#### MATERIAL FOR THE TASK
########
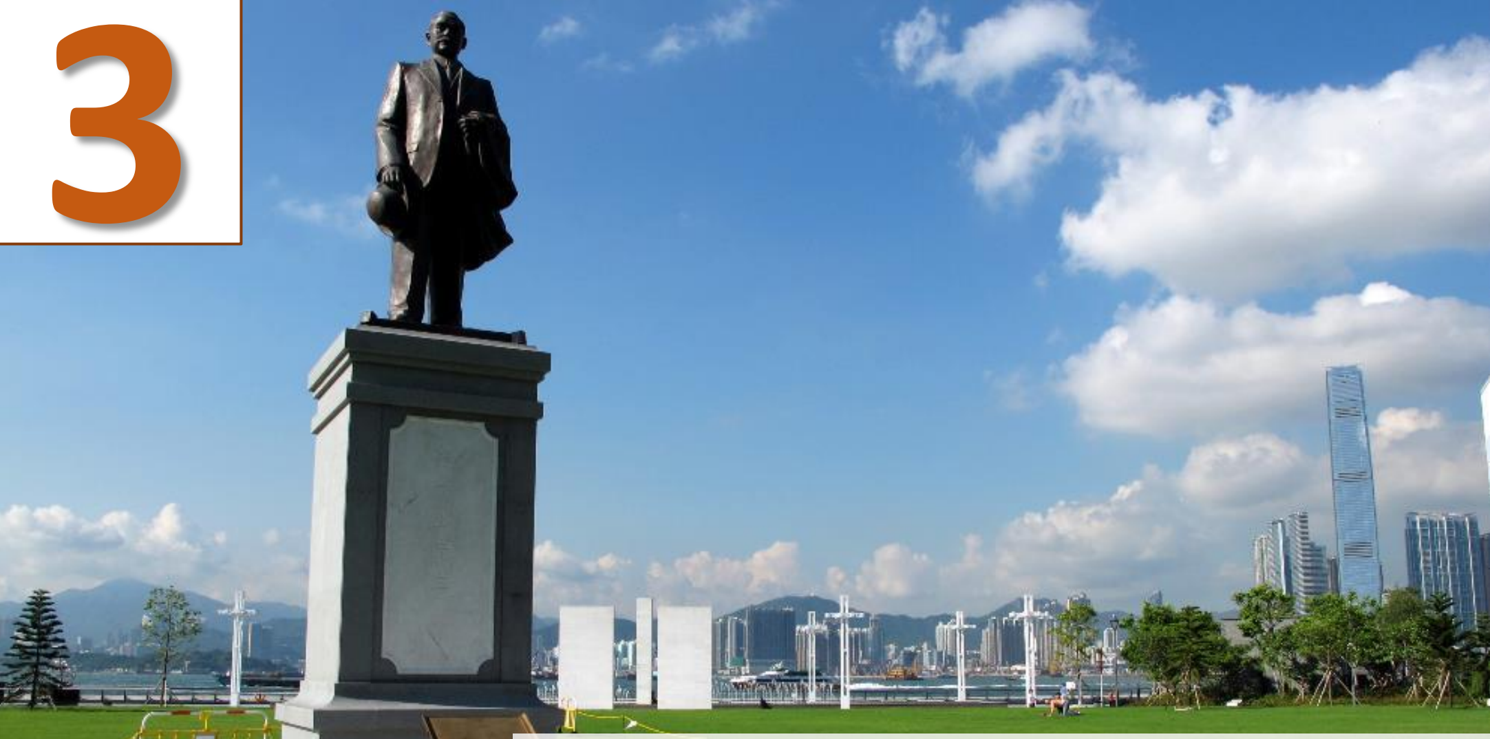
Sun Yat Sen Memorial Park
########
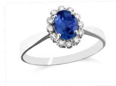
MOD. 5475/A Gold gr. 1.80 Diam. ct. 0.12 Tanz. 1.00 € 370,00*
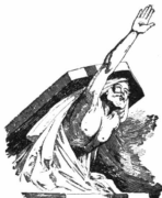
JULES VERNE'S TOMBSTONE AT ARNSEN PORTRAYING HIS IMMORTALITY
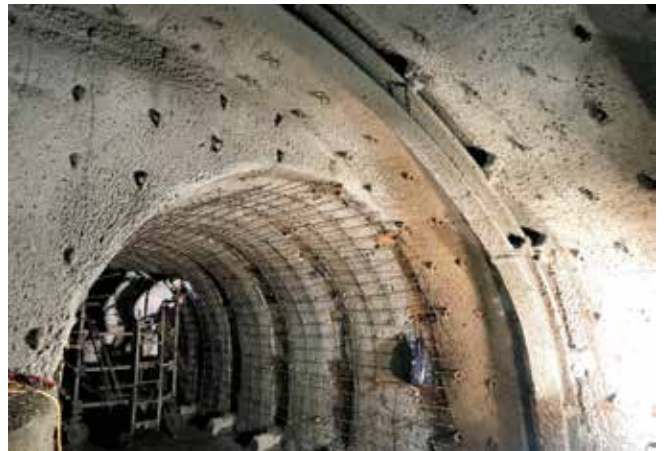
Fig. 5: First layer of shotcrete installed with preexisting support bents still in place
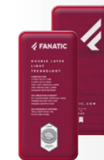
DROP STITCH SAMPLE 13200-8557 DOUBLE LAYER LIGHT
########
#### YOUR ASSIGNMENT
For the material above, give again only the lines starting at the line that contains "Fig. 5: First" and ending at the line that contains "DROP STITCH SAMPLE". Pictures do not belong in the copy.

#### OUTPUT
Fig. 5: First layer of shotcrete installed with preexisting support bents still in place
DROP STITCH SAMPLE 13200-8557 DOUBLE LAYER LIGHT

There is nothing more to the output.